ACTIVITY:
Within the entries below, please retype exactly the lines starting with the line that has "em pós-operatório de" and going on through the line that has "مازدا CX-60 سعة 2.5 لتر", but not the pictures.

━━━━━ DATA EXCERPTS

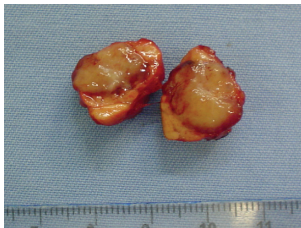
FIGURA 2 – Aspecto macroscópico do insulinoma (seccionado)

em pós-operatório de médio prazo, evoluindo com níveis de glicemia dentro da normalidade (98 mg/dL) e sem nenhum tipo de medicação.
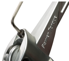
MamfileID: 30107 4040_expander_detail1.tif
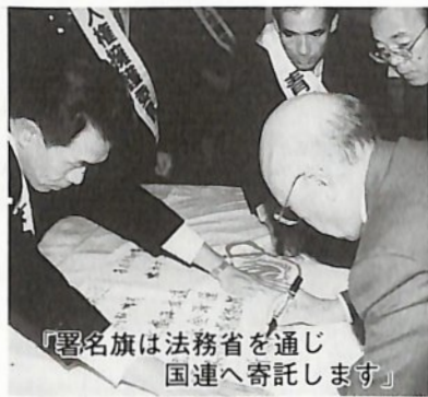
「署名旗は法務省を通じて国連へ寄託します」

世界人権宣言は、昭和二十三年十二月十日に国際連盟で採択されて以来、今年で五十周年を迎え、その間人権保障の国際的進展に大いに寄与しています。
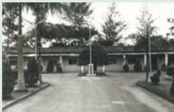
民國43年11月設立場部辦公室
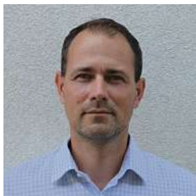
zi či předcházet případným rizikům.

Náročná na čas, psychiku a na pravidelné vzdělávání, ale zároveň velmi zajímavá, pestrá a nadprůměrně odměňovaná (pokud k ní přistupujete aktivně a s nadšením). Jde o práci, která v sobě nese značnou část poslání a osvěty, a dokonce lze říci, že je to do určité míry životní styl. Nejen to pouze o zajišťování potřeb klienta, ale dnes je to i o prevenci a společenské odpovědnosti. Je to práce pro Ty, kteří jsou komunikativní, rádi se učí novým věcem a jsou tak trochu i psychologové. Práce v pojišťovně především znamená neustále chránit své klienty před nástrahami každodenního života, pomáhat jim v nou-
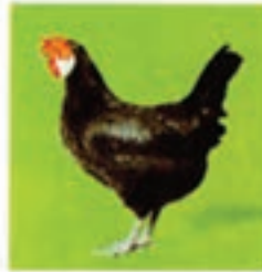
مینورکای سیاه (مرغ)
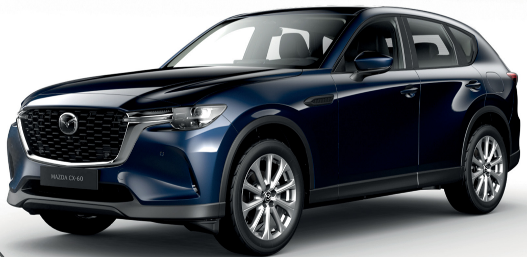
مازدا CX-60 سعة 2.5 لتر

━━━━━━━━━━
━━━━━ DATA EXCERPTS

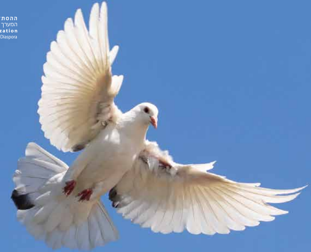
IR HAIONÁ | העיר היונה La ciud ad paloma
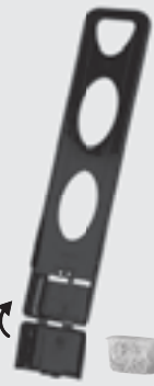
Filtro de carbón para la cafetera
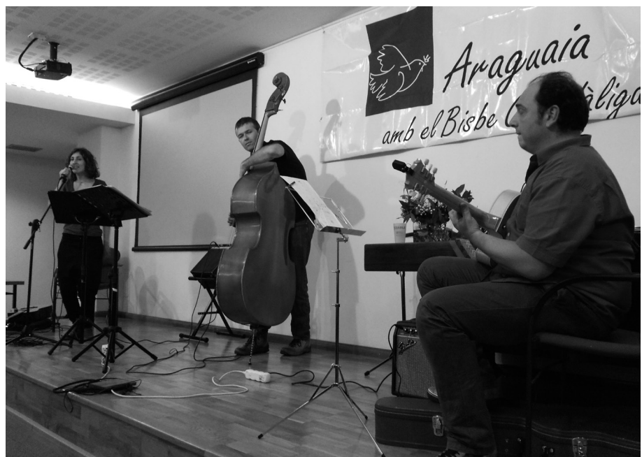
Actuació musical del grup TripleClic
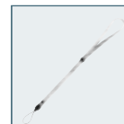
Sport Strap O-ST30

━━━━━━━━━━

YOUR RESPONSE:
em pós-operatório de médio prazo, evoluindo com níveis de glicemia dentro da normalidade (98 mg/dL) e sem nenhum tipo de medicação.
MamfileID: 30107 4040_expander_detail1.tif
「署名旗は法務省を通じて国連へ寄託します」

世界人権宣言は、昭和二十三年十二月十日に国際連盟で採択されて以来、今年で五十周年を迎え、その間人権保障の国際的進展に大いに寄与しています。
民國43年11月設立場部辦公室
zi či předcházet případným rizikům.

Náročná na čas, psychiku a na pravidelné vzdělávání, ale zároveň velmi zajímavá, pestrá a nadprůměrně odměňovaná (pokud k ní přistupujete aktivně a s nadšením). Jde o práci, která v sobě nese značnou část poslání a osvěty, a dokonce lze říci, že je to do určité míry životní styl. Nejen to pouze o zajišťování potřeb klienta, ale dnes je to i o prevenci a společenské odpovědnosti. Je to práce pro Ty, kteří jsou komunikativní, rádi se učí novým věcem a jsou tak trochu i psychologové. Práce v pojišťovně především znamená neustále chránit své klienty před nástrahami každodenního života, pomáhat jim v nou-
مینورکای سیاه (مرغ)
مازدا CX-60 سعة 2.5 لتر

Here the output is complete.